### Exercise description:
Starting at the line that contains "Produit très efficace." and stopping at the line that contains "大文字・小文字それぞれに対応", restate each line of the records below exactly. Omit the pictures.

### Records for this task:
[Start of Attachment]
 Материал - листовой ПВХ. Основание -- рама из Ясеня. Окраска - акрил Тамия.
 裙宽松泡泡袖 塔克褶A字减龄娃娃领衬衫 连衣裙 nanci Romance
[End of Attachment]
[Start of Attachment]
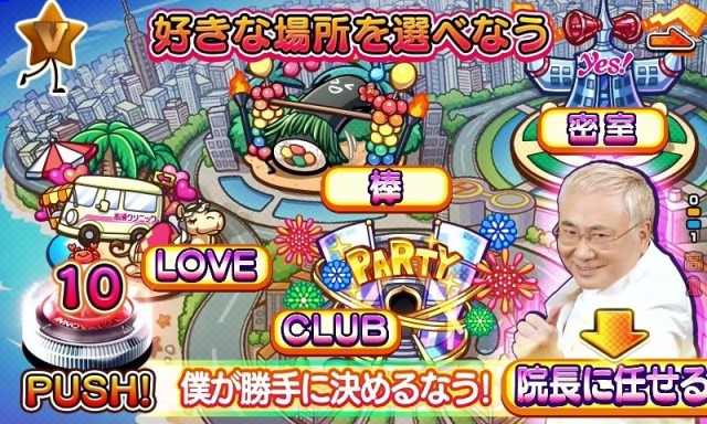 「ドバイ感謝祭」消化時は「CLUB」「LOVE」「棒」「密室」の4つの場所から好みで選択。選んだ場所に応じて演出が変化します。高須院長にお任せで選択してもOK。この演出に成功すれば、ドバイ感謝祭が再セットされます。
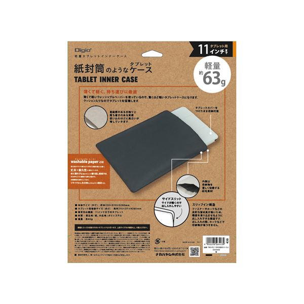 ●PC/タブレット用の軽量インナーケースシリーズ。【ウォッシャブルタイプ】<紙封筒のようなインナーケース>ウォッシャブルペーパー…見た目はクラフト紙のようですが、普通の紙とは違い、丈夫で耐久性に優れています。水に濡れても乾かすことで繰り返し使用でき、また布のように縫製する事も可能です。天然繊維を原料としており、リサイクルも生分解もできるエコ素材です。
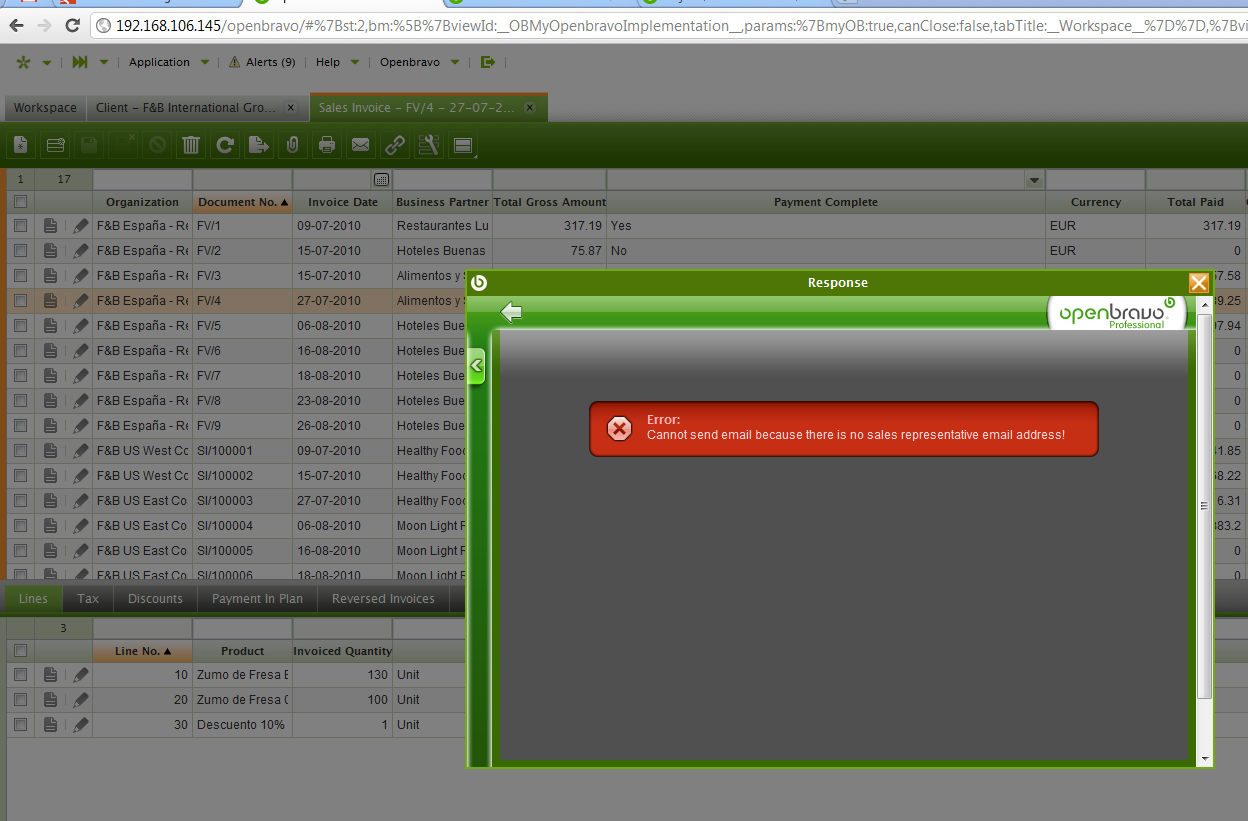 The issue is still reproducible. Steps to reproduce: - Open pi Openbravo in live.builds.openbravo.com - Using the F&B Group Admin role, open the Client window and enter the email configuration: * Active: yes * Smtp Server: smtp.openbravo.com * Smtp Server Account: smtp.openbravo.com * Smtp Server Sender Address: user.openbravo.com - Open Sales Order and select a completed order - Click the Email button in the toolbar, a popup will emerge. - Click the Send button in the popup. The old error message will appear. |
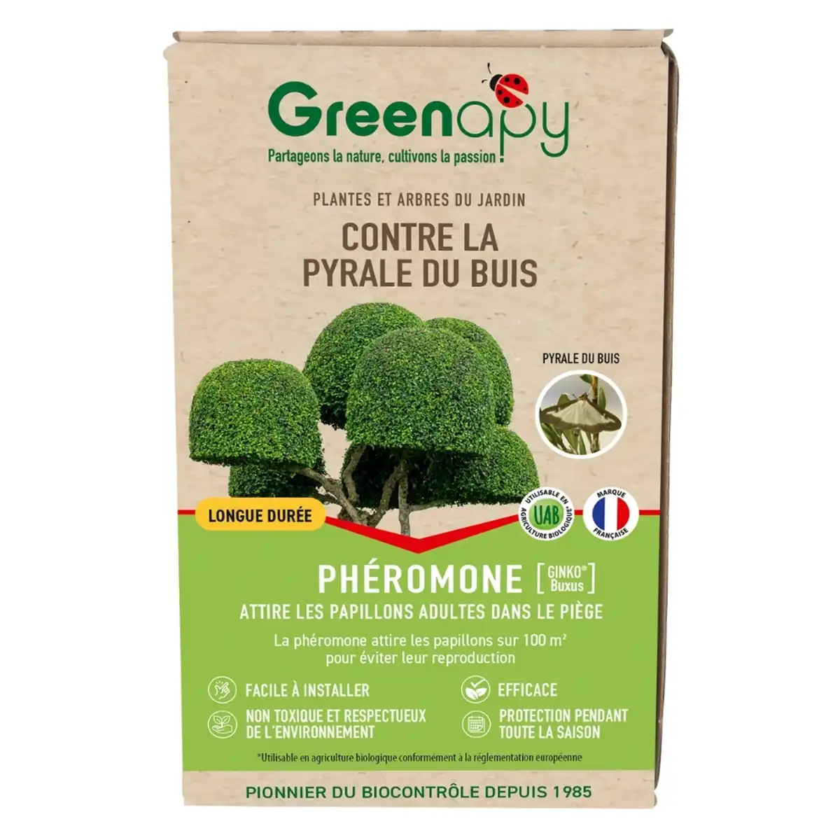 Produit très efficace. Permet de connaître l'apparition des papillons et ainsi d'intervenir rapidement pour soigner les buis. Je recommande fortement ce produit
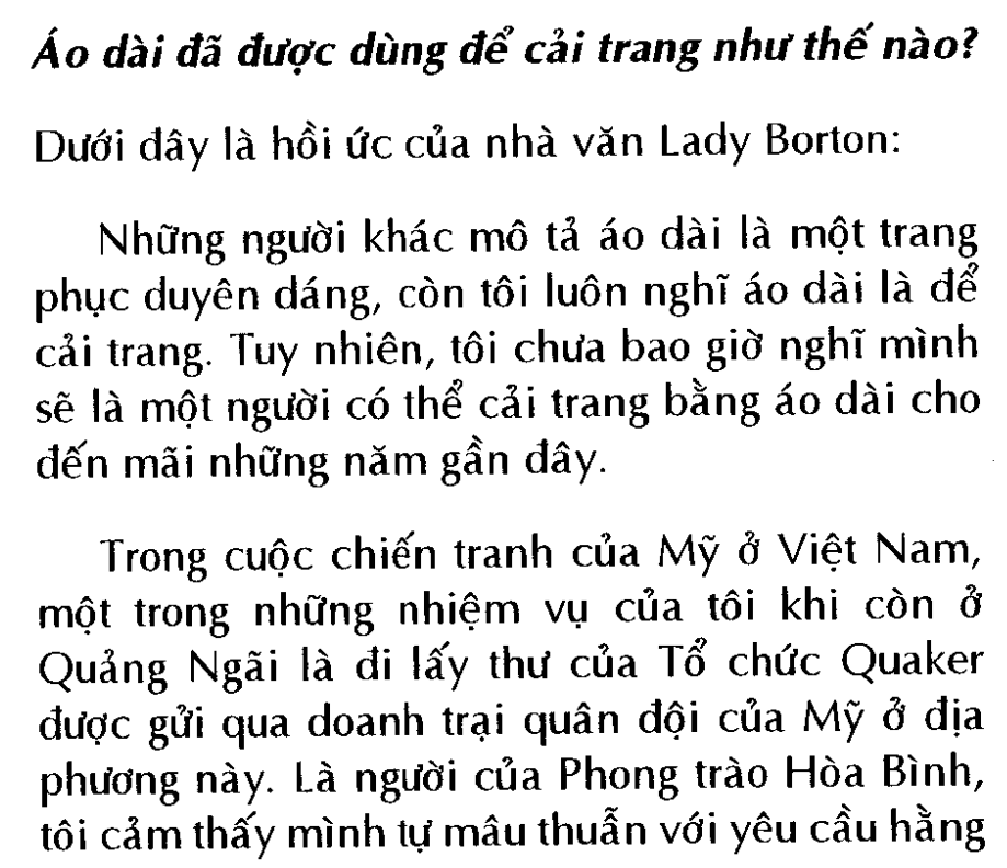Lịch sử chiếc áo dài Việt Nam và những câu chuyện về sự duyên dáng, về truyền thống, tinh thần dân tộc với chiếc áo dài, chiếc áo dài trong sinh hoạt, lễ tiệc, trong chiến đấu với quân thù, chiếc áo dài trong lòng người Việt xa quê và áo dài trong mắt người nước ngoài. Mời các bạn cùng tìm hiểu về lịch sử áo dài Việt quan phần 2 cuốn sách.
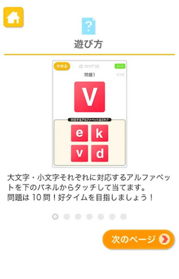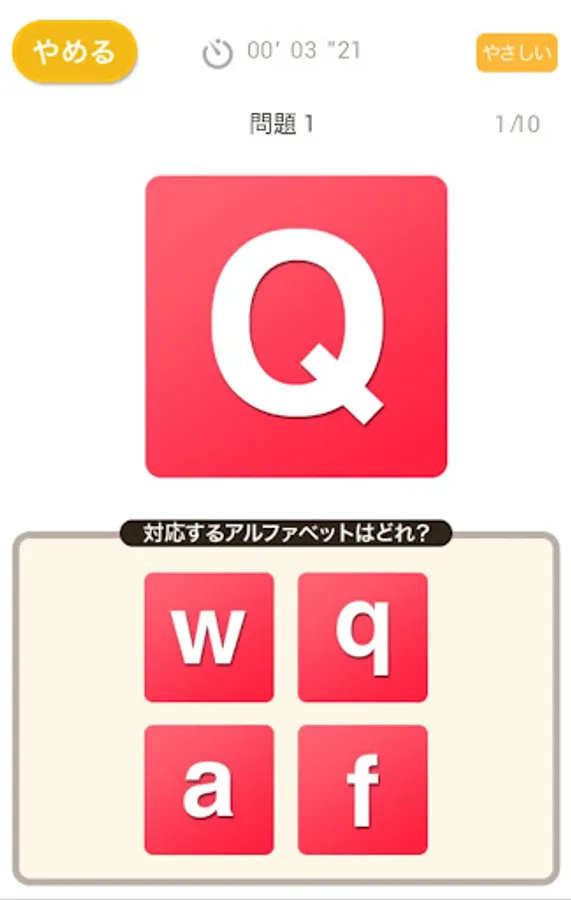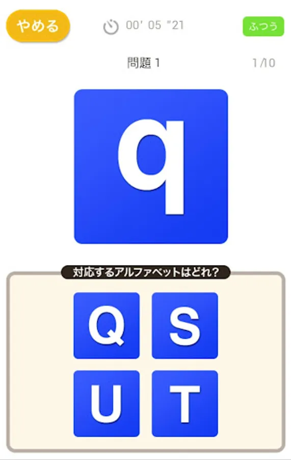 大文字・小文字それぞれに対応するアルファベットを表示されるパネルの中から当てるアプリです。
[End of Attachment]
### Finished exercise:
 Produit très efficace. Permet de connaître l'apparition des papillons et ainsi d'intervenir rapidement pour soigner les buis. Je recommande fortement ce produit
Lịch sử chiếc áo dài Việt Nam và những câu chuyện về sự duyên dáng, về truyền thống, tinh thần dân tộc với chiếc áo dài, chiếc áo dài trong sinh hoạt, lễ tiệc, trong chiến đấu với quân thù, chiếc áo dài trong lòng người Việt xa quê và áo dài trong mắt người nước ngoài. Mời các bạn cùng tìm hiểu về lịch sử áo dài Việt quan phần 2 cuốn sách.
 大文字・小文字それぞれに対応するアルファベットを表示されるパネルの中から当てるアプリです。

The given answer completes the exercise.